Caravaggio: no buyer for the Roman villa containing a vault by the painter

The Roman residence of princes Ludovisi Boncompagni, which houses a work by Caravaggio, was auctioned on Tuesday in Rome. Estimated at a total of 471 million euros, the event was attended by art-loving Italians who did not want to see this cultural heritage ceded to wealthy individuals.

They will have partly won their case, since the sale, decided by a court in Rome to put an end to a war of succession between heirs, did not find a buyer. “No one participated in the auction” for the purchase of the famous Villa Ludovici, said Camillo Verde, the notary in charge of the sale, according to AFP.

But for the defenders of a purchase by the State of this residence, it is only a question of a temporary victory, since the next sale will take place on April 7, with an estimate revised downwards, to 376.8 million euros, or 20% less.

On the original price, 350 million euros returned to the only work of Caravaggio, the remainder concerning the residence in itself.

The work of Caravaggio, or Michelangelo Merisi of his real name, which dates from 1597, is a ceiling decoration commissioned at the time by Cardinal Del Monte. The particularity of this oil painting is its representation of Jupiter, Neptune and Pluto, with the terrestrial globe and the signs of the zodiac in the center.

Indeed, as the art historian and ex-museum curator, Claudio Strinati, points out, not only “is it one of Caravaggio’s first works, but it deals with a mythological subject, whereas he paints almost exclusively works of a religious nature”.

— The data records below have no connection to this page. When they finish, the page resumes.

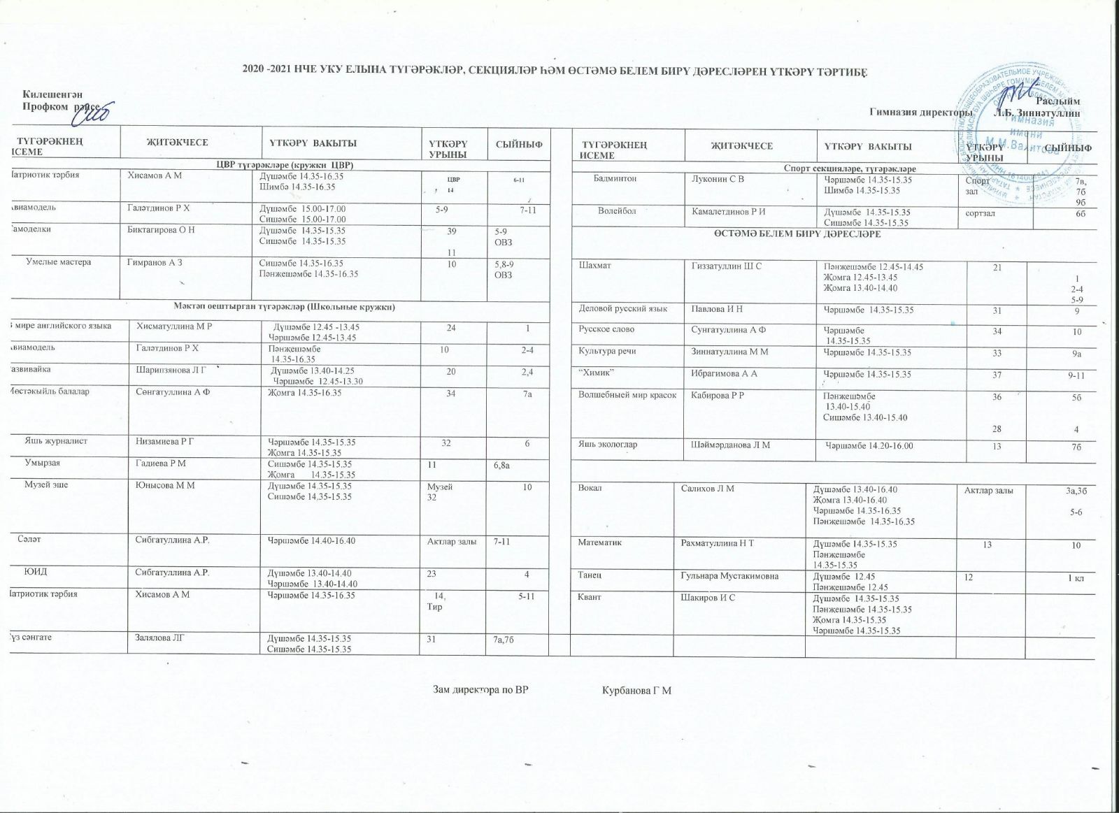 Расписание кружков и спортивных секция (на татарском языке)
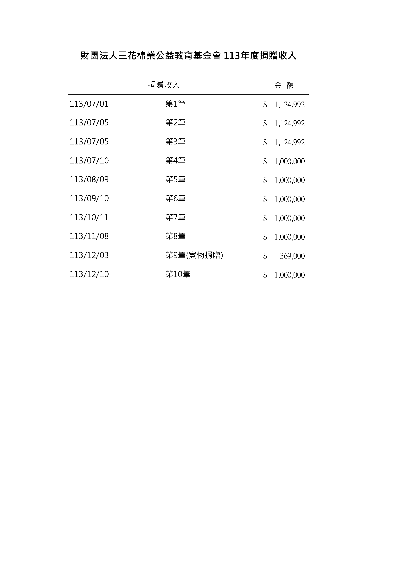 財團法人三花棉業公益教育基金會 113年度捐贈收入
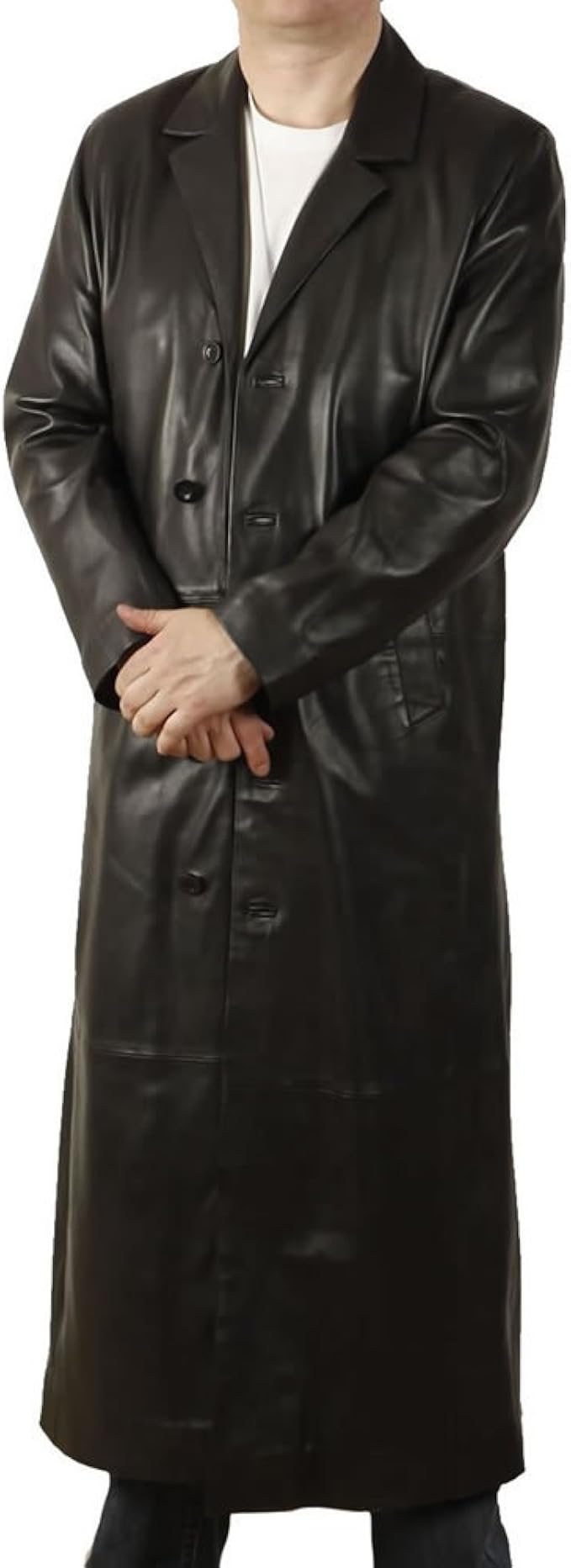 Leather overcoats clearance, Mens Leather Coat Full Length Black clearance
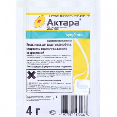 Препарат Актара представляет собой высокоэффективный инсектицид, имеющий форму водно-дисперсионных гранул. Механизм воздействия препарата является контактным, системным, контактно-кишечным. Действует Актара как защитный пестицид. Препарат является умеренно опасным для человека и высокоопасным для пчел.
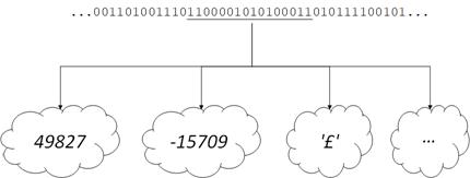 The sequence of bits typed as a signed 16-bit integer. The type information (16-bit signed integer) tells the compiler and/or runtime that the sequence of bits represents an integer value between -32768 and 32767, ensuring the correct interpretation as -15709.
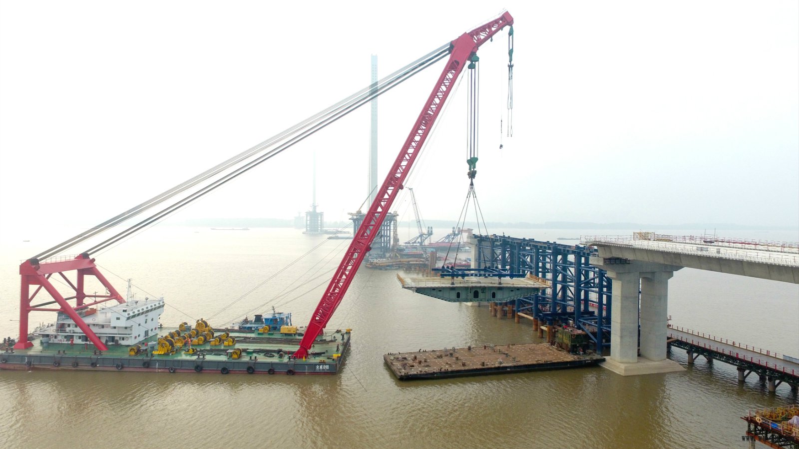 南京五桥边跨首节钢混组合梁乐成吊装(9.2)
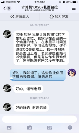 计算机1812班扎西普拉是一名西藏的同学,由于地区偏远,网络不畅通,平时视频都要到山上去看,家中没有网络也没有电脑,无法完成在线编程作业,老师就安抚他不要着急,编程作业可以在家手写完成,等开学后到公司补交OJ系统,成绩不受截止时间影响,让员工消除了焦虑心理,重树了学习信心与动力。
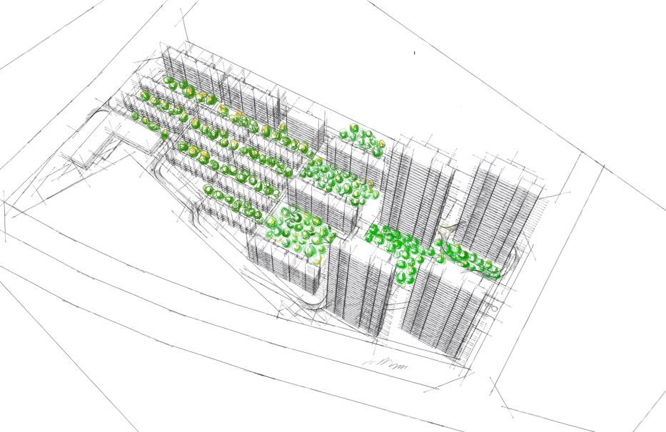 幼兒園位于基地西南側(cè),成規(guī)整L型布局,利用不規(guī)則地形作為活動(dòng)場(chǎng)地,形成陽(yáng)光戶外場(chǎng)所。社區(qū)人車分流,環(huán)路貫通。車行于入口處直接進(jìn)入地庫(kù),最大限度減少對(duì)社區(qū)環(huán)境的干擾。
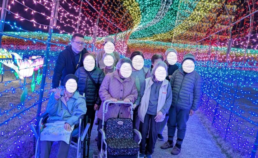やや肌寒さはありましたが、光のトンネルや動物をかたどったイルミネーションを楽しみ、記念撮影を行うなど、ご入居者様と職員がともに心温まるひとときを過ごすことができました。
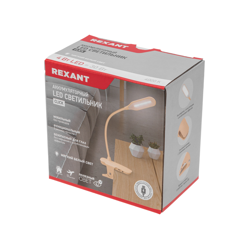 Светильник настольный Click 4Вт, LED, 4000К, диммируемый 3 ступени, заряжаемый, на прищепке, кремовый REXANT
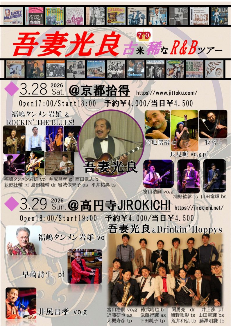 なんだよツアーて言っても2日じゃねえか!とお叱りの言葉をいただきそうですが、高齢化が進む日本社会ですから、これくらいがちょうど良いという考え方もあります(笑)ということで、ツアーファイナルとなるJIROKICHIで、日本ブルース界の至宝と云われる吾妻光良氏の古希を是非みんなでお祝いしましょう?皆様のお越しを心よりお待ちしております。
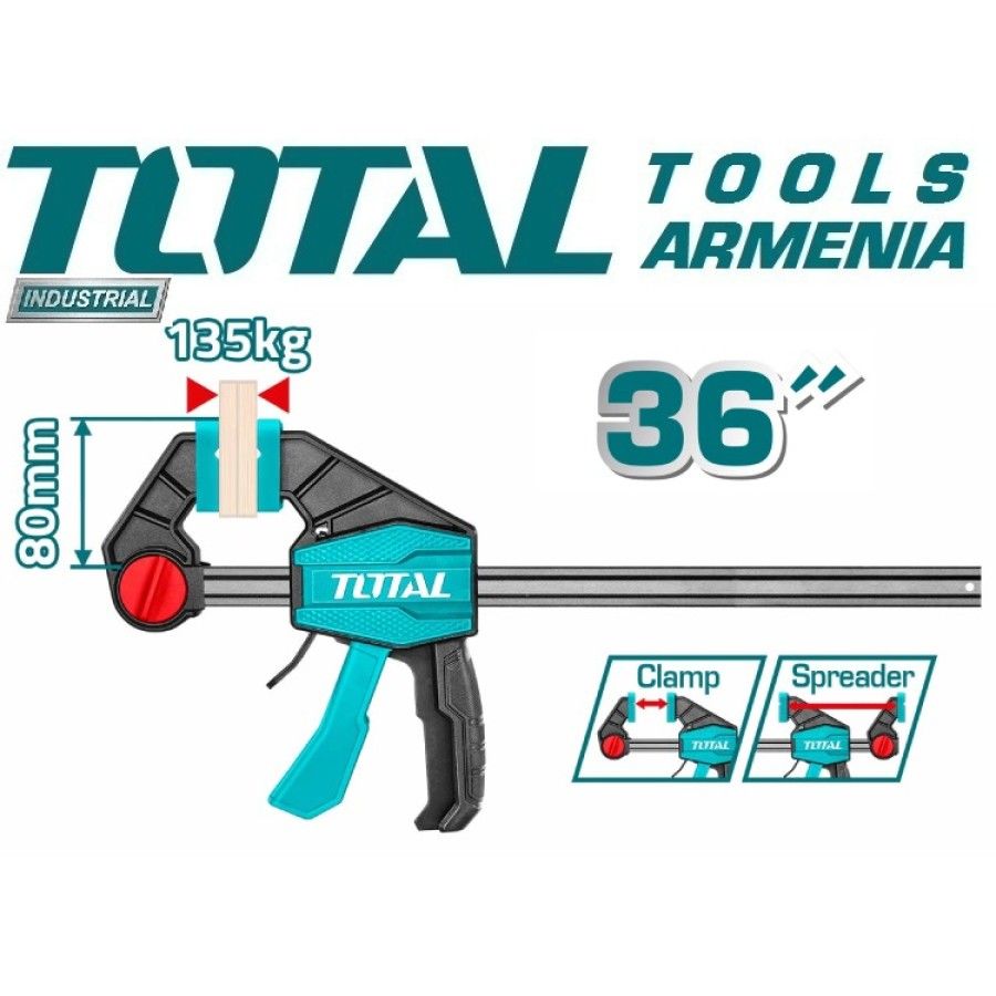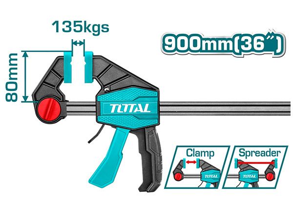 Быстрозажимная струбцина 80x900мм TOTAL THT1346803 Размер - 80х900мм. Максимальное усилие зажима - 135 кг. Толщина и ширина железной линейки - 6х18мм. Упаковано по этикетке. Быстрозажимная струбцина подходит для работы с различными материалами. Каркас выполнен из прочной стали. Инструмент удобен для ладони, не вызывает утомления и значительно упрощает работу техника, слесаря и других специалистов.

A petition to preserve this cultural heritage

A rarity that many Italians would still like to preserve. For this, they wanted this jewel to be bought by the Italian State and even launched a petition published on the site. Named “SOS culture sold at a discount”, the approach has already counted nearly 35,000 signatures.

The authors of it denounce an “auction intended for individuals, when the State should have exercised its right of pre-emption on the priceless painting of Caravaggio”. Still, according to the country’s legislation, the State can only exercise its right of pre-emption once after the effective acquisition of the property by an individual.

The Italian press, which cataloged this event as the “auction of the century”, had before this aborted sale leaked some names of potential buyers, such as Bill Gates or the Sultan of Brunei, although the list remains secret.